Paul McCartney was probably unaware of the treacherous journey I would undertake this summer whilst writing “The Long and Winding Road,” but I deeply relate. Unfortunately, the door at which I keep arriving is neither artistic excellence nor love, but rather academic challenge. My methodology and desired outcomes have substantially changed over the past few weeks. In the three weeks of full-time work I have left on campus, I have high hopes for the amount of data I will procure and statistically analyze.

Looking back at the methodology I began the summer with, it is clear that they were not based in an understanding of computer programming. I was eager to understand the larger patterns of users on Twitter but had no idea how to gather Twitter API. My first two weeks of research were spent becoming familiar with Twitter API and struggling to access Twitter data through Python. Having had no previous experience using Python it has been difficult to create code and user streams. I am working from the top down – I have a goal in mind and need to create code to achieve that goal, but with no background in Python it requires exhausting periods of scouring the internet for helpful hints for writing the code I need. Still, as my knowledge of the basic functions of Python is limited, sometimes all of my code will not process due to a misplaced quotation mark. Nevertheless, coming out of the first week my biggest success was managing to write code that allowed me to tweet from Python through my personal Twitter account.

Having become comfortable with Twitter API and (relatively) familiar with Python, I rewrote portions of my lit review during the third and fourth weeks. Up to this point I had not had a thorough idea of what I would actually be able to do with Twitter. I had large goals and vague ideas but did not have a knowledge of how Twitter data functions. I now no longer intend to use LIWC (Linguistic Inquiry and Word Count) technology. Besides the fact that learning how to use LIWC would not be worth the time cost at this point, the direction of this research has steered away from semantic analysis. I now seek a dataset which will give a macro-level illustration of the patterns of interactions between the political elite (Senators) and general Twitter users.
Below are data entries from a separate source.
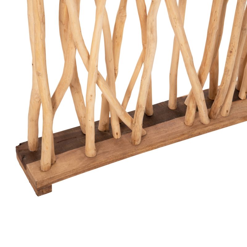 Преградата е изработена от масивни ТИКОВИ клони. Когато говорим за масивно дърво, имаме предвид дърво, направено изцяло от ствола на дърво. Масивната дървесина е най-скъпият избор по отношение на дървесината, но се откроява със своята вечна естетика.
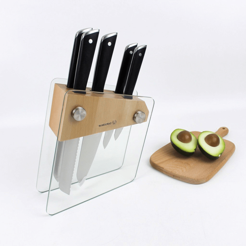 Bộ dao inox bền bỉ đến từ thương hiệu Korkmaz. Với chuôi dao được bao phủ bởi nhựa tổng hợp nên dễ dàng cắm nắm. Công nghệ cắt laser mang lại tuổi thọ và độ bền cao hơn. Thiết kế tinh tế, gọn nhẹ với nhiều kích cỡ thuận tiện sử dụng. Lưỡi dao không bị gỉ sét có độ bền cao, thiết kế sang trọng, tô điểm không gian nhà bếp.
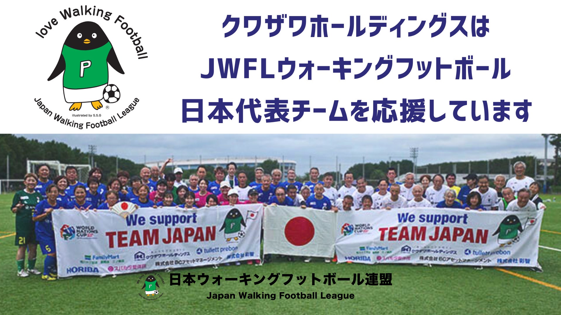 クワザワホールディングスはJWFLウォーキングフットボール日本代表チームを応援しています。
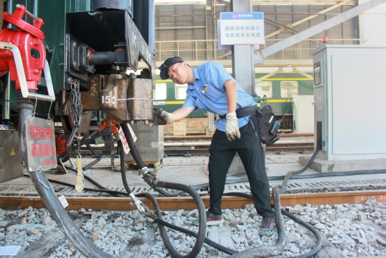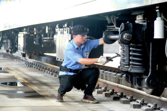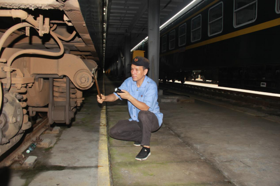 客车检车员正在检查车钩钩舌情况(叶琳艳 摄)
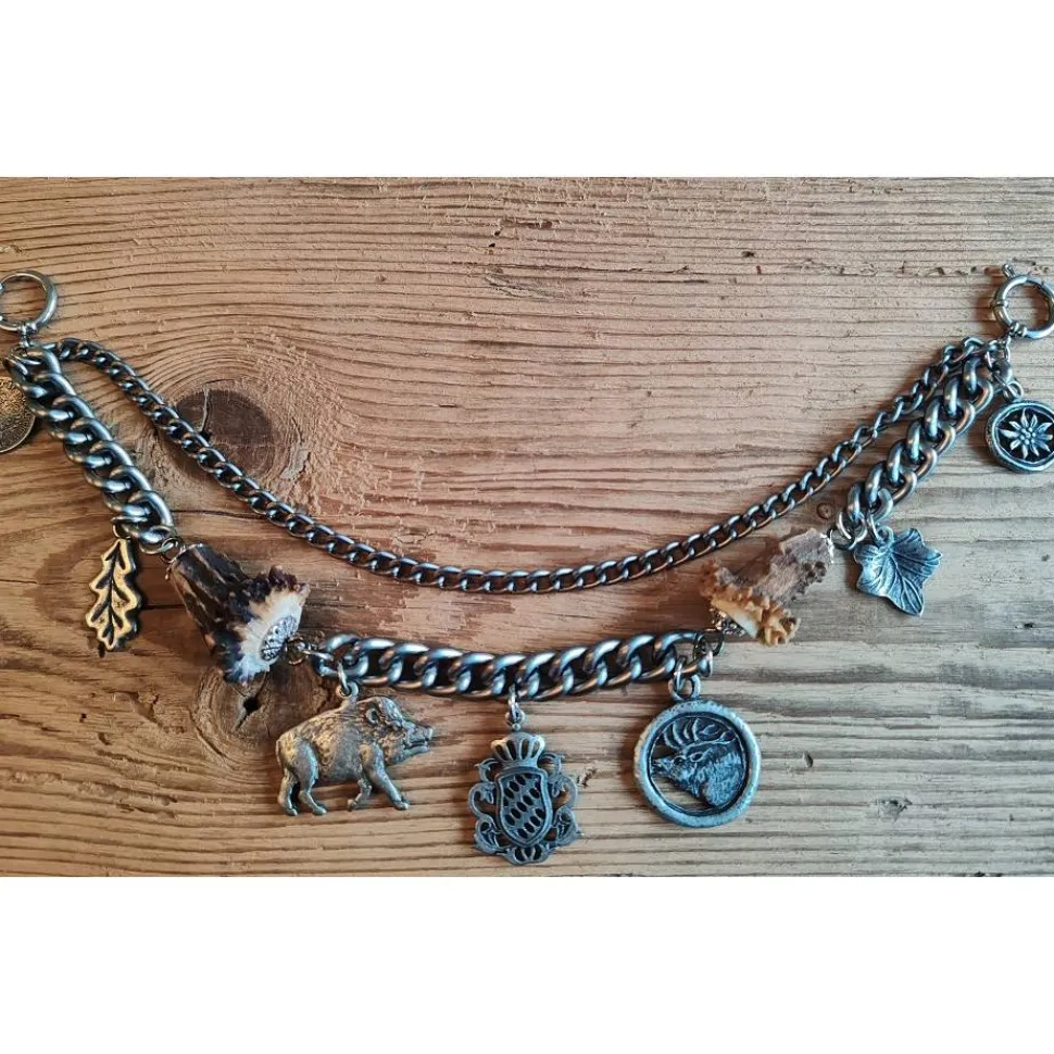 mit 7 fest angebrachten, sehr hochwertigen Trachtenanhängern aus Metall
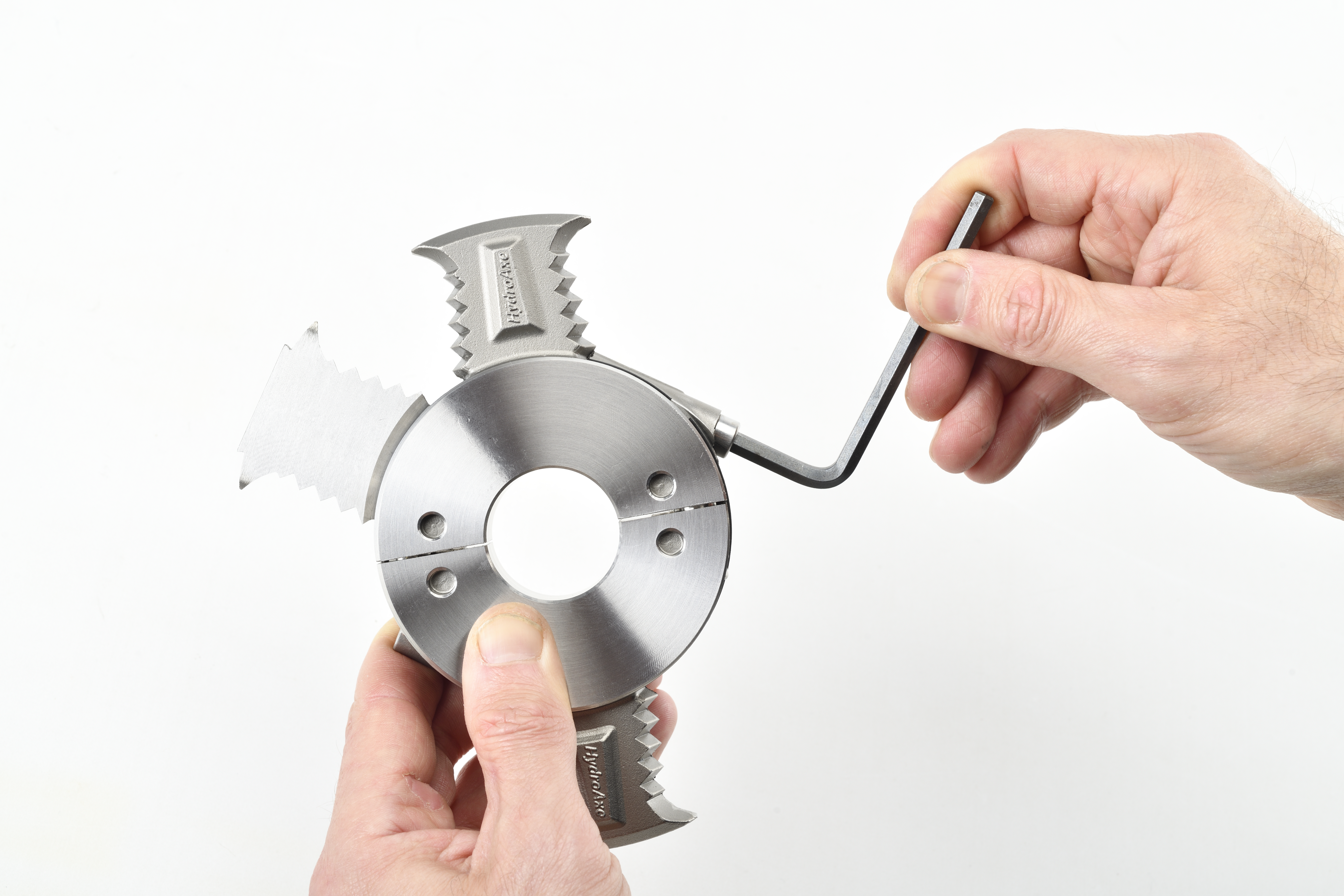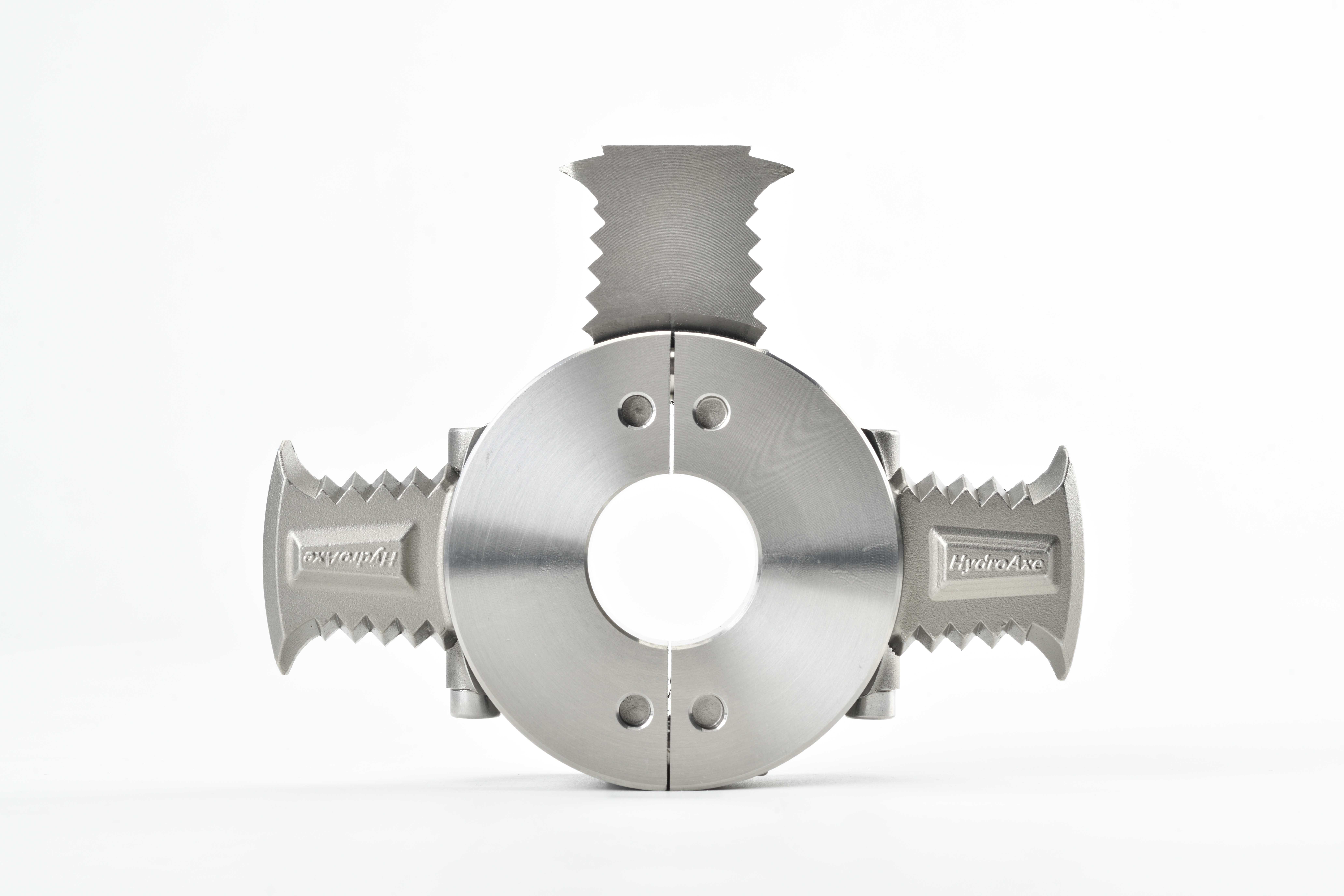 The HydroAxe Scissor Action Rope Cutter utilises a fixed stationary blade secured by a mounting block fixed to the bearing housing and a 2 Blade cutter that is secured to the shaft to provide an aggressive scissor type action – scroll down to see a video of this cutter in action!

I hope to have a variety of variables represented in this dataset such as geographic location, nature of the responses to a Senator, and frequency of profane language. In addition to writing, in the third week of research I centered on learning the programming basics of summoning tweets from specific users… I’ve become very familiar with Cory Booker’s account activity. This period was a very frustrating point in the research process because I had to reevaluate what I wanted and what it was actually realistic for me to do.

The past two weeks have been centered on writing the code to bring this dataset to fruition. I will be creating Twitter “streams” which gather tweets of a specific nature (replying to a certain senator, replying as a question to a specific senator, replying to a specific senator from said senator’s geographical jurisdiction limits) during a specific time period. This is still my current challenge, and I have been having mixed rates of success. For instance, I have snippets of code which will allow me to elicit some of the tweets that I want, but I am still struggling to format the data I gather so it is aesthetically pleasing. Right now most of my data is difficult to read. I expect that this will be the center of my efforts for the next three weeks.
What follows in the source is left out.